My Lords. I must say that in all the addresses we have had on Defence from the Government Benches in the last five or six years, I doubt whether we have ever had a speech so rapid and so full of apparent confidence as we have had to-day. If those two qualities are especially deserving of congratulation on this vastly important subject, then the noble Lord certainly has my congratulations. I wish that there were in the country at large anything approaching the type of confidence in the policy indicated to us by the noble Lord, Lord Mancroft. Of course, he was perfectly right, at the opening of his speech, when he drew attention to the importance of these defence debates this year. Nor is he wrong in suggesting that they have become of world-wide interest, and that they have been widely commented upon by different forms of world opinion. But when we consider what has made these debates so important, perhaps we shall get some further guidance.

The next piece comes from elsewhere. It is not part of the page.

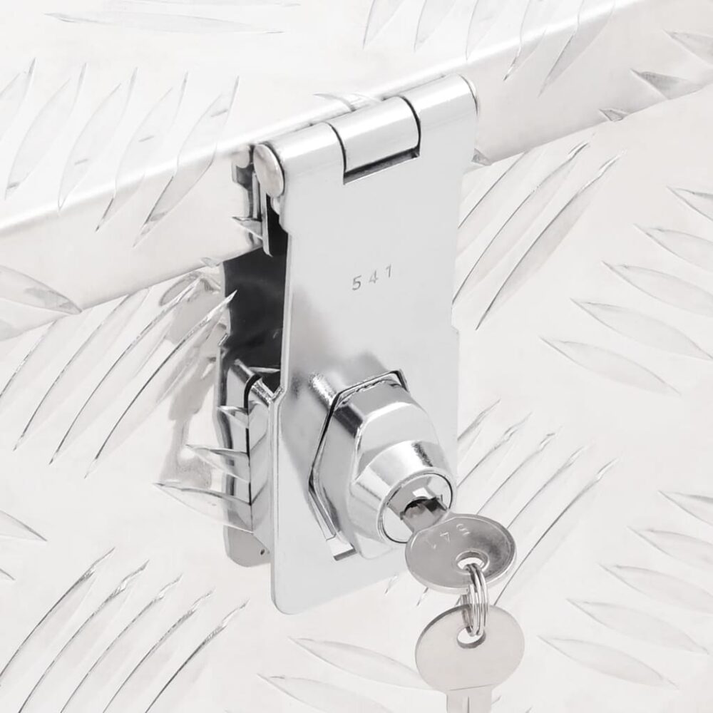Esta caixa de alumínio para todos os fins é uma escolha ideal para embalar, guardar e transportar. Alumínio resistente à ferrugem: a caixa para reboque é feita em chapa de alumínio ondulada, tornando-a resistente à ferrugem e durável.Espaçosa divisão interior: a caixa de ferramentas possui uma espaçosa divisão interior para poder guardar as suas ferramentas, acessórios e outros equipamentos e ferramentas.Sistema de bloqueio: a mala de arrumação está equipada com um sistema de bloqueio para uma maior segurança.Pega prática: a pega prática no organizador faz com que seja mais fácil levá-la consigo para qualquer lado.Design compacto: pode guardar a caixa de alumínio no seu veículo e garagem ou levá-la consigo na sua próxima viagem até ao campismo, graças ao seu design leve e compacto.

The Government's decision in this White Paper, primarily on weapons (because it has been made clear to us in another place that it is the decision upon weapons which is at the base of the new general defence policy and which guides and governs the whole of our future strategy and defence organisation) was. I think, correctly described by the Prime Minister the other day in another place as "a terrible decision." It is a terrible decision. By whatever events we have arrived at this point of departure, it means, if closely followed and leading to its logical belligerent result, that should strife occur, there will be no return. That is a matter of very great seriousness to the nation. In this matter of adopting the nuclear weapon as the basis of our strategy, perhaps the point of greatest importance to the people of this country to consider at present—because, if the White Paper is right (and I think it is) there is no known adequate defence in this country to the weapon—is that, whilst other countries possessing the nuclear weapon have certain reserves in depth, we in this country have no reserves in depth. That is what makes it so vital a question for the population as a whole. That is what is wrapped up in the "terrible decision" which the Prime Minister says the Government have had to make.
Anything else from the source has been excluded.